Is it a settings problem with the browser, with server-manager or a db config?...

I have tested my letsencrypt certificate with SSLlabs and I get A- for all the domains covered by the letsencrypt certificate.

Thanks

Syv

[michelandre]

Hi ElFroggio,

Try clearing all caches for all the browsers and if doesn't resolve the problem then, try disabling the antivirus which is most likely the culprit.

Also, you can try with TOR as it will not go directly to your server but to the Internet then to your server.

Michel-André

[ElFroggio]

Try clearing all caches for all the browsers and if doesn't resolve the problem then, try disabling the antivirus which is most likely the culprit.
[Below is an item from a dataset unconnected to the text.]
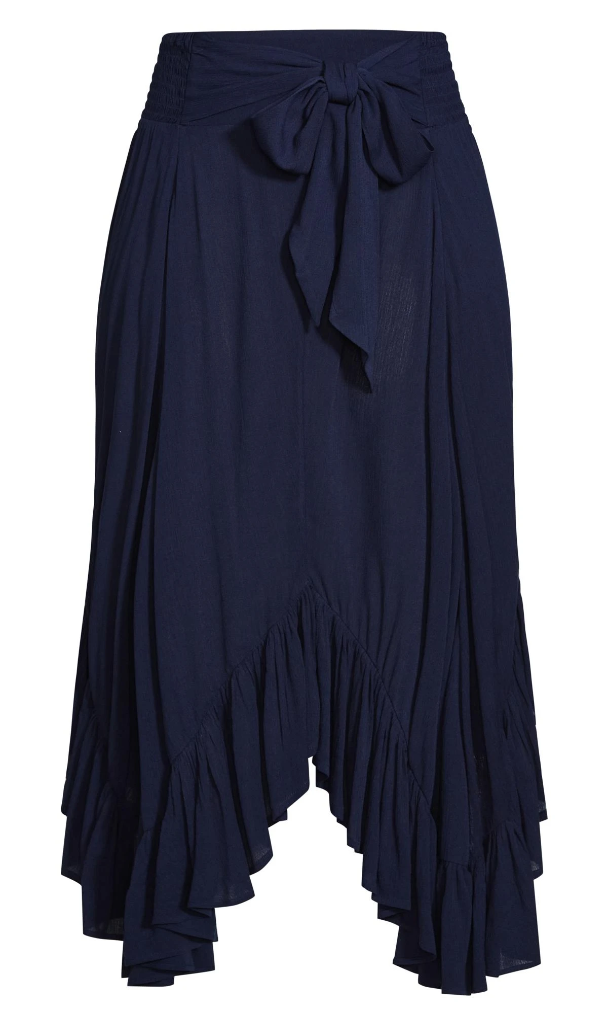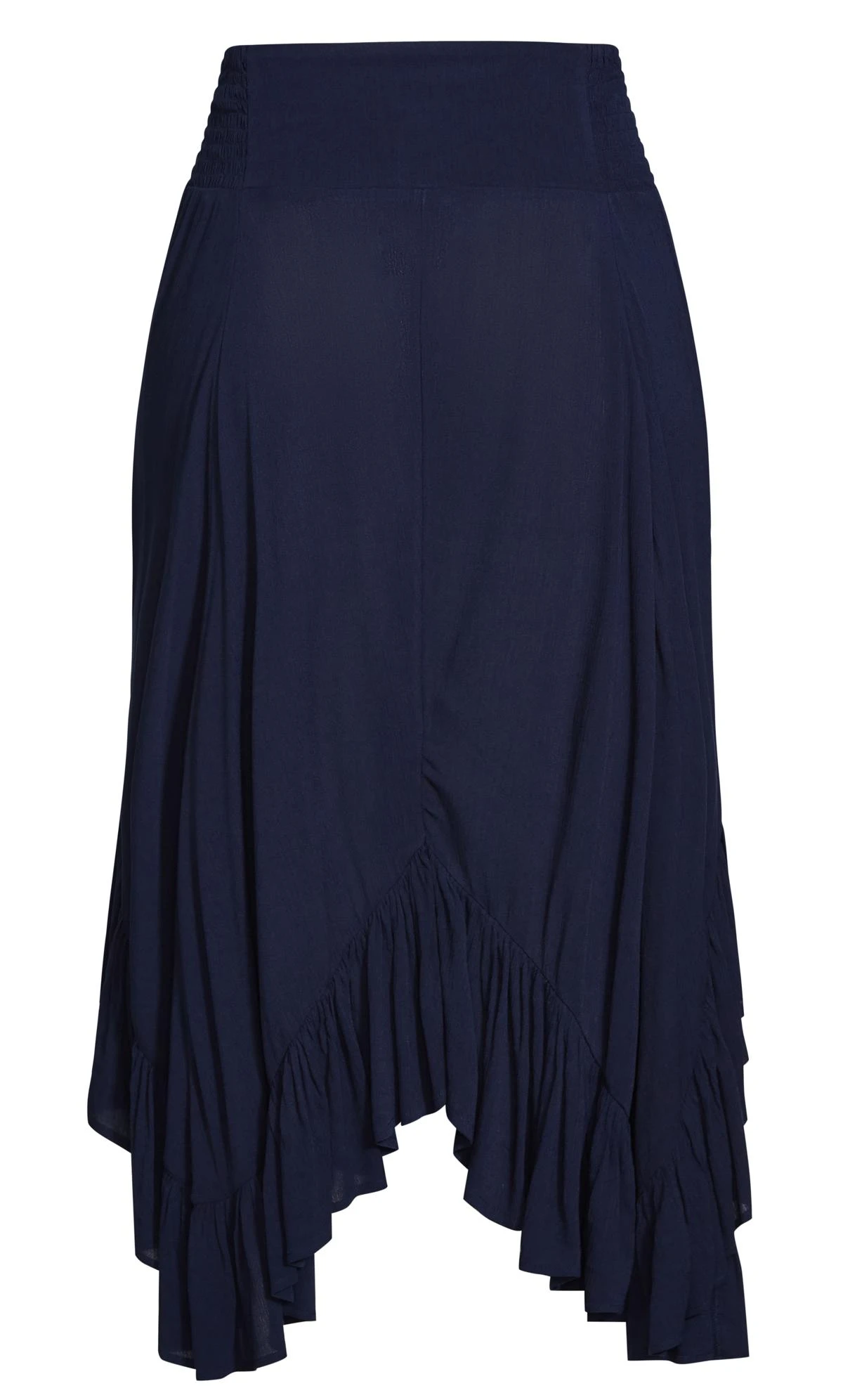 – Ruffled handkerchief hemline

• Clearing the cache made no difference
• I don't have any antivirus on either the Linux or the Windows boxes

Thanks

Syv

[michelandre]

Hi again ElFroggio,

What is the ouput of:

Code: [Select]

# config show modSSL

    modSSL=service
    CertificateChainFile=/etc/dehydrated/certs/www.toto.com/chain.pem
    TCPPort=443
    access=public
    crt=/etc/dehydrated/certs/www.toto.com/cert.pem
    key=/etc/dehydrated/certs/www.toto.com/privkey.pem
    status=enabled

For the CertificateChainFile:

Code: [Select]

# ls -ls /etc/dehydrated/certs/www.toto.com/chain.pem
0 lrwxrwxrwx 1 root root 20 13 janv. 02:15 /etc/dehydrated/certs/www.toto.com/chain.pem -> chain-1234567890.pem

Code: [Select]

# ls -ls /etc/dehydrated/certs/www.toto.com/chain-1234567890.pem
4 -rw------- 1 root root 1647 13 janv. 02:15 /etc/dehydrated/certs/www.toto.com/chain-1234567890.pem
Check also for the cert and key.

httpd.conf

Code: [Select]

# cat /etc/httpd/conf/httpd.conf  | grep SSLCertificate
SSLCertificateChainFile /etc/dehydrated/www.toto.com/chain.pem
SSLCertificateFile /etc/dehydrated/certs/www.toto.com/cert.pem
SSLCertificateKeyFile /etc/dehydrated/certs/www.toto.com/privkey.pem
pem file:

Code: [Select]

# ls -ls /home/e-smith/ssl.pem/server-name.toto.com.pem
8 -rw-r--r-- 1 root root 7869 13 janv. 02:15 /home/e-smith/ssl.pem/server-name.toto.com.pem
Hoping it will help,

Michel-André

[michelandre]

I forgot the domains.txt file

Code: [Select]

# cat /etc/dehydrated/domains.txt
www.toto.com toto.com server-name.toto.com mail.toto.com ftp.toto.com wpad.toto.com proxy.toto.com
Michel-André

[michelandre]

Sorry it is late... 

I just remembered that the hook file changed when Let's Encrypt change the name of the client file.
I think that before it was CHAIN=$5 and now it is CHAIN=$6 but I am not sure. I know that one of the variables changed...

Code: [Select]

# cat /etc/dehydrated/dehydrated-hook.sh
#!/bin/bash

if [ $1 = "deploy_cert" ]; then
  KEY=$3
  CERT=$4
  CHAIN=$6
#
  /sbin/e-smith/db configuration setprop modSSL key $KEY
  /sbin/e-smith/db configuration setprop modSSL crt $CERT
  /sbin/e-smith/db configuration setprop modSSL CertificateChainFile $CHAIN
  /sbin/e-smith/signal-event ssl-update
fi
Michel-André

[ElFroggio]

Thanks

I'll look at it tonight. But when I tested the domain on ssllabs I got A-. All browsers reports the certificate as valid, it's only the server-manager that doesn't work.

Thanks

Syv

[michelandre]

Hi ElFroggio,

Maybe you can also delete all the certificates in the browser.

Michel-André

[ElFroggio]

So I looked into the situation.
I've tried your suggestions and they didn't help.  but, I'm further ahead.
I'm convinced that it has to do with how the browsers handle letsencrypt certificates.

• Linux: Firefox -private: doesn't work
• Linux: Firefox: works
• Linux: Chromium --incognito: works only with the ip address of the server
• Linux: Chromium: works only with the ip address of the server
• Windows: IE10: doesn't work

When I say, doesn't work, I mean that I get the Welcome to SME server, username/password screen but after I enter admin and the password I get again the same screen: Welcome to SME server, username/password screen.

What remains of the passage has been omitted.